Figure 6.

IL-4 is required for the accumulation of CD44^hi T cells in Shp1 conditional knockout mice. (A) Bone marrow from Thy1.1 and/or Shp1^fl/fl CD4-cre mice was transferred into irradiated CD45.1 host animals to generate mixed bone marrow chimeras. CD44 expression on splenic T cells was analyzed by flow cytometry.
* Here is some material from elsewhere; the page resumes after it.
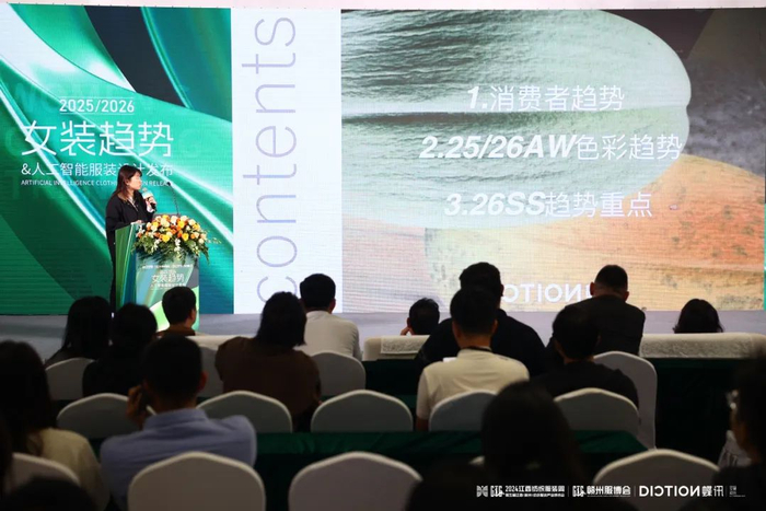 蝶讯趋势研究院高级研究员、蝶讯女装趋势中心总监罗子东女士带来《29y+,DICTION年度趋势发布》的主题分享,她重点解读了消费者趋势走向,深入解析2025-2026 秋冬女装流行色彩、预测2026春夏流行趋势,为服装设计师带来时尚趋势引领。

Flow plots are gated on CD45.2⁺Thy1.1⁺Thy1.2⁻ (Thy1.1) or CD45.2⁺Thy1.1⁻Thy1.2⁺ (Shp1 ^fl/fl CD4-cre) populations, as well as CD4⁺ or CD8⁺. (B) Percentage of splenic T cells with a CD44^hi phenotype in bone marrow chimeras from A.; n = 6–7. (C) CD44 expression on T cells in the blood of mice of the indicated genotypes. (D) Percentage of T cells with a CD44^hi phenotype in the indicated tissues of IL-4 and Shp1-deficient mice; n = 6–7. BLN, brachial LN; CLN, cervical LN; ILN, inguinal LN. (E) CD44 expression of T cells in blood of mice given 200 µg α-IL-4 or an isotype control 5 d before sacrifice. (F) Percentage of T cells with a CD44^hi phenotype in the blood of mice treated as in E. Data are representative of two independent experiments; n = 4. Statistical analyses of data in B, D, and F were performed by two-way ANOVA and Bonferroni’s post-test analysis; ns, P ≥ 0.05; *, P < 0.05; **, P < 0.01. Horizontal bars for B, D, and F represent sample means.